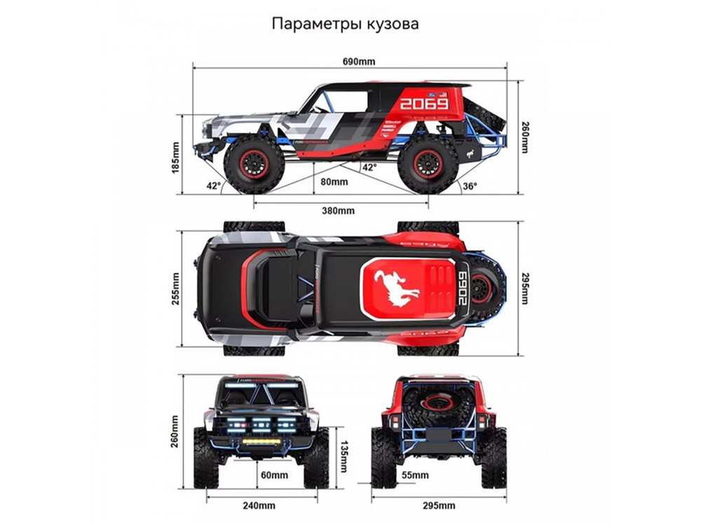 Радиоуправляемый внедорожник MJX Hyper Go Ford Bronco Baja 1000 в масштабе 1:8 - мощная модель для скоростных заездов и бездорожья. Официально лицензированный дизайн Ford Bronco выполнен в стиле легендарной гонки Baja 1000 и отличается высокой детализацией.
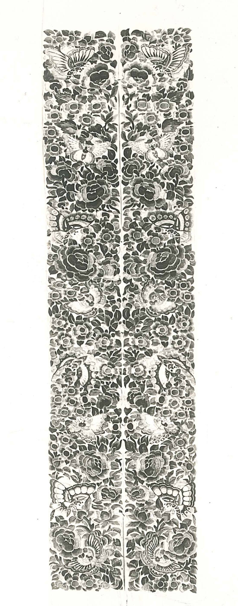 MediumSilk embroidery; Blue flowers and multi-colored butterflies, on a yellow ground.
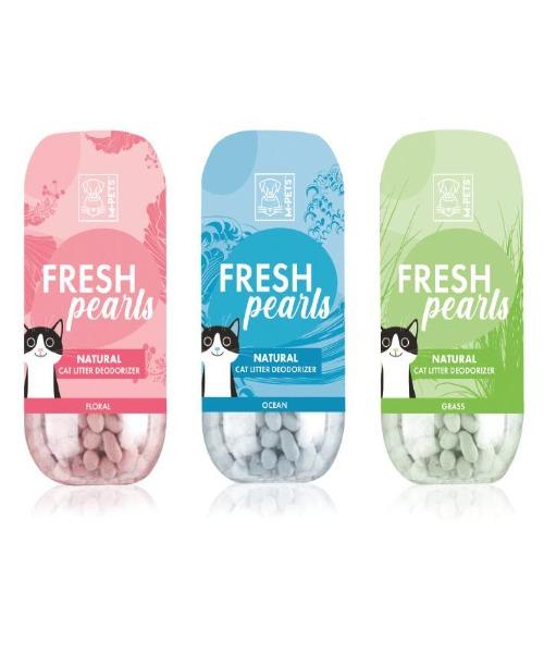 The M-Pets Fresh Pearls Ocean Cat Litter Deodorizer is natural & safe certified. Just sprinkle on top of any type of cat litter. The fresh pearls absorb, capture and neutralize odours. Lab-proven to have antibacterial properties and to effectively deodorize the whole cat litter box.
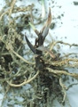 根系被害,被害根腐敗壞疽,根系稀少,造成植株生長不良,嚴重時葉片黃化、生育停頓,甚而植株枯萎。
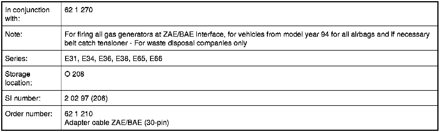 62 1 210 Adapter cable ZAE/BAE (30-pin)
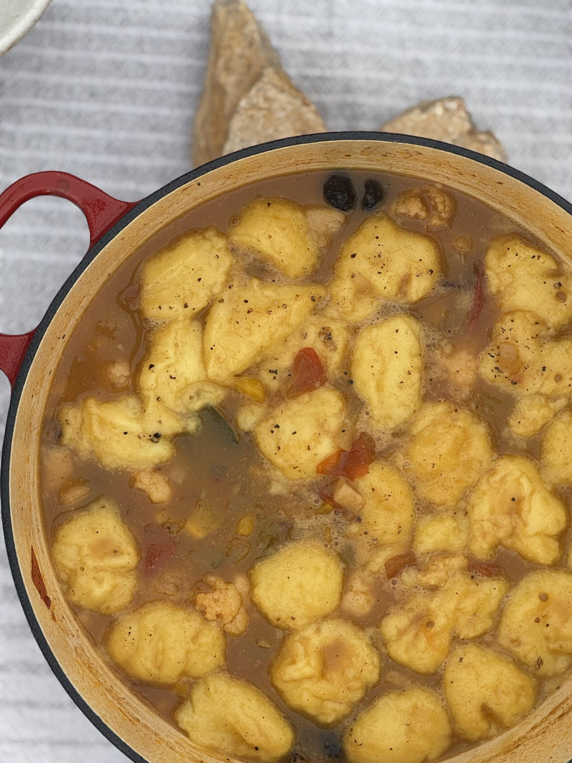 Na malo ulja popržite crveni luk i papriku dok ne omekšaju i lagano se karameliziraju. Dodajte češnjak, kurkumu, kajensku papriku i kumin, kratko propirjajte da puste miris. Umiješajte mrkvu, tikvicu i kelj, pirjajte nekoliko minuta. Dodajte rajčicu i nastavite pržiti dok tekućina ne ispari i sve se poveže. Ulijte povrtni temeljac i pustite da prokuha. Kad zakuha, dodajte cvjetaču i slanutak, kuhajte dok povrće ne omekša. Žličicom ubacujte male komadiće krumpirovog tijesta (Rildok njoke) i kuhajte još par minuta, dok ne isplivaju. Umiješajte miso pastu, lagano promiješajte i ne dopustite da prejako prokuha. Za kraj, dodajte par kapi domaćeg čili ulja – ono daje varivu toplinu i karakter. Pospite svježim peršinom i poslužite toplo.
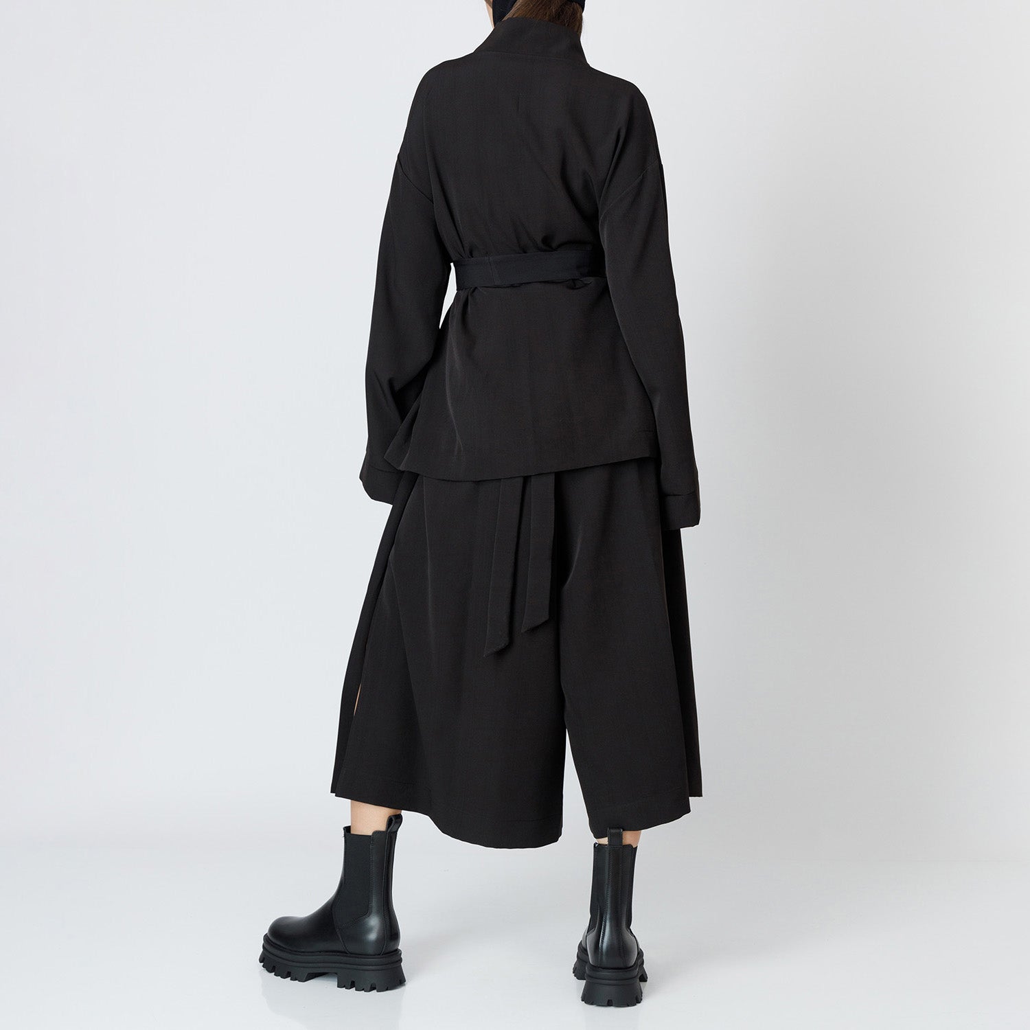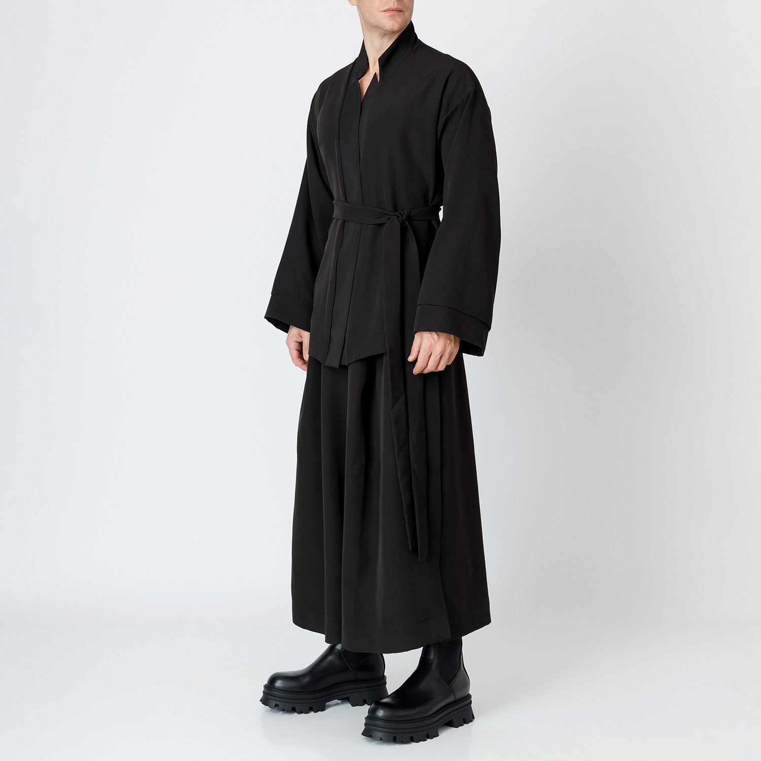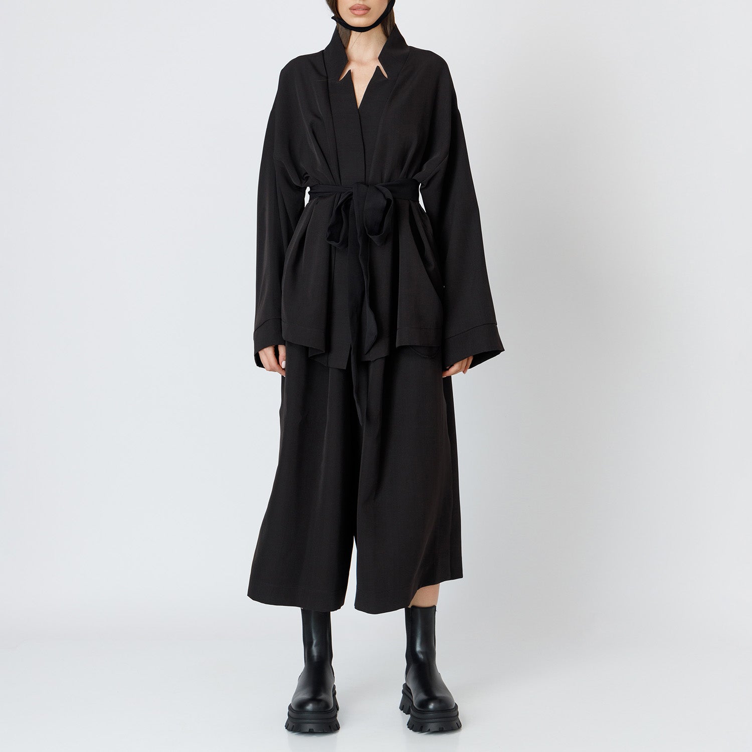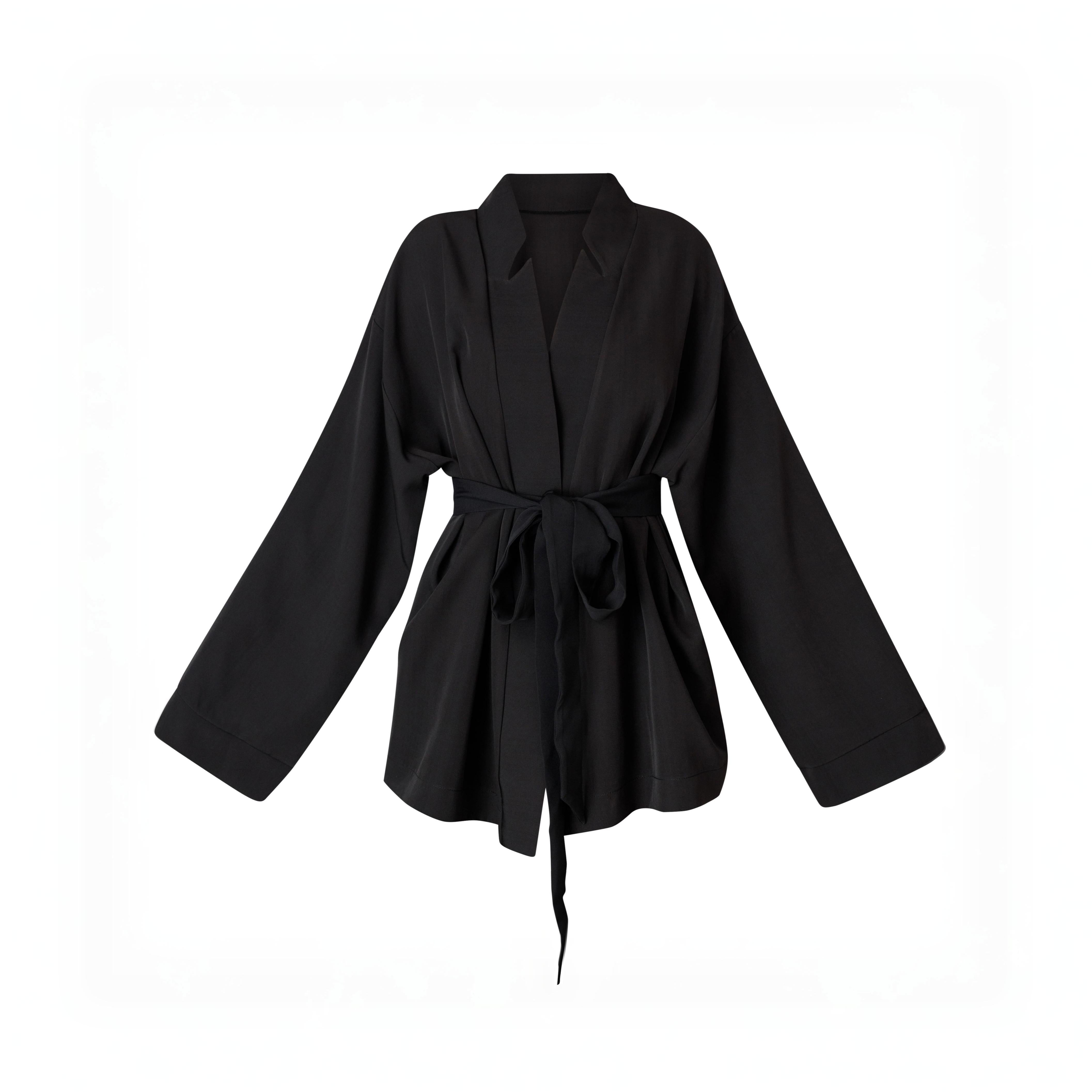 This wrap blazer is crafted from structured fabric and features a sleek shawl collar with a V-neckline. Its mid-length cut and long sleeves offer a clean, modern silhouette. • The self-tie belt cinches the waist for a defined shape, while the relaxed fit ensures ease of movement and layering. This piece blends tailored elegance with everyday practicality. • This is a unisex item graded in standard men’s sizing. The fit is oversized. • The smooth fabric has a firm hand feel with slight stretch, providing structure and comfort. • Color: Black. • Material: 95% Polyester, 5% Elastane. • Washing instructions: Gentle cycle • Model is 183 cm tall. • Model wears size M. • Model’s measurements: Bust 105 cm, Waist 85 cm, Hip 93 cm.
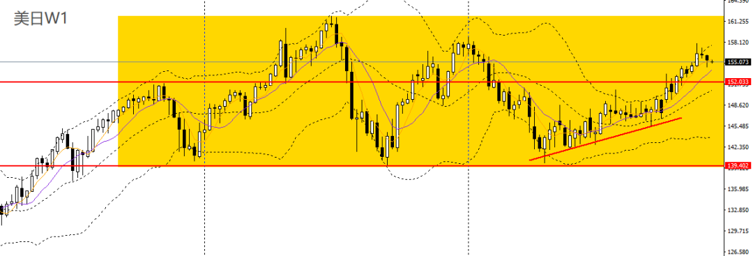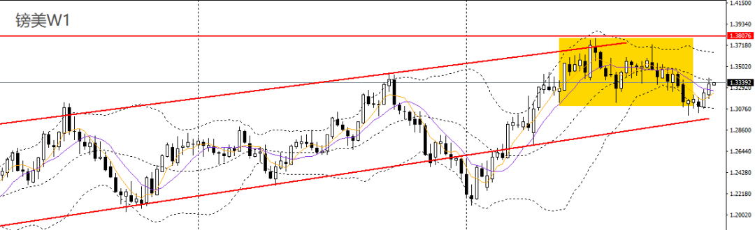 镑美上周继续收涨,RSI站上50,波段走势仍处于上行通道内。周五收倒锤阳线,下探5日均线,4小时守住1.33关口支撑,短线走势偏强,如继续维稳于上方,可延续低多思路,后市预计将再度上探1.3380-1.34。

-*-

--- WHAT THE TASK REQUIRES ---
Return every record exactly, minus the pictures.

--- YOUR SOLUTION ---
 Радиоуправляемый внедорожник MJX Hyper Go Ford Bronco Baja 1000 в масштабе 1:8 - мощная модель для скоростных заездов и бездорожья. Официально лицензированный дизайн Ford Bronco выполнен в стиле легендарной гонки Baja 1000 и отличается высокой детализацией.
 MediumSilk embroidery; Blue flowers and multi-colored butterflies, on a yellow ground.
 The M-Pets Fresh Pearls Ocean Cat Litter Deodorizer is natural & safe certified. Just sprinkle on top of any type of cat litter. The fresh pearls absorb, capture and neutralize odours. Lab-proven to have antibacterial properties and to effectively deodorize the whole cat litter box.
 根系被害,被害根腐敗壞疽,根系稀少,造成植株生長不良,嚴重時葉片黃化、生育停頓,甚而植株枯萎。
 62 1 210 Adapter cable ZAE/BAE (30-pin)
 Na malo ulja popržite crveni luk i papriku dok ne omekšaju i lagano se karameliziraju. Dodajte češnjak, kurkumu, kajensku papriku i kumin, kratko propirjajte da puste miris. Umiješajte mrkvu, tikvicu i kelj, pirjajte nekoliko minuta. Dodajte rajčicu i nastavite pržiti dok tekućina ne ispari i sve se poveže. Ulijte povrtni temeljac i pustite da prokuha. Kad zakuha, dodajte cvjetaču i slanutak, kuhajte dok povrće ne omekša. Žličicom ubacujte male komadiće krumpirovog tijesta (Rildok njoke) i kuhajte još par minuta, dok ne isplivaju. Umiješajte miso pastu, lagano promiješajte i ne dopustite da prejako prokuha. Za kraj, dodajte par kapi domaćeg čili ulja – ono daje varivu toplinu i karakter. Pospite svježim peršinom i poslužite toplo.
 This wrap blazer is crafted from structured fabric and features a sleek shawl collar with a V-neckline. Its mid-length cut and long sleeves offer a clean, modern silhouette. • The self-tie belt cinches the waist for a defined shape, while the relaxed fit ensures ease of movement and layering. This piece blends tailored elegance with everyday practicality. • This is a unisex item graded in standard men’s sizing. The fit is oversized. • The smooth fabric has a firm hand feel with slight stretch, providing structure and comfort. • Color: Black. • Material: 95% Polyester, 5% Elastane. • Washing instructions: Gentle cycle • Model is 183 cm tall. • Model wears size M. • Model’s measurements: Bust 105 cm, Waist 85 cm, Hip 93 cm.
 镑美上周继续收涨,RSI站上50,波段走势仍处于上行通道内。周五收倒锤阳线,下探5日均线,4小时守住1.33关口支撑,短线走势偏强,如继续维稳于上方,可延续低多思路,后市预计将再度上探1.3380-1.34。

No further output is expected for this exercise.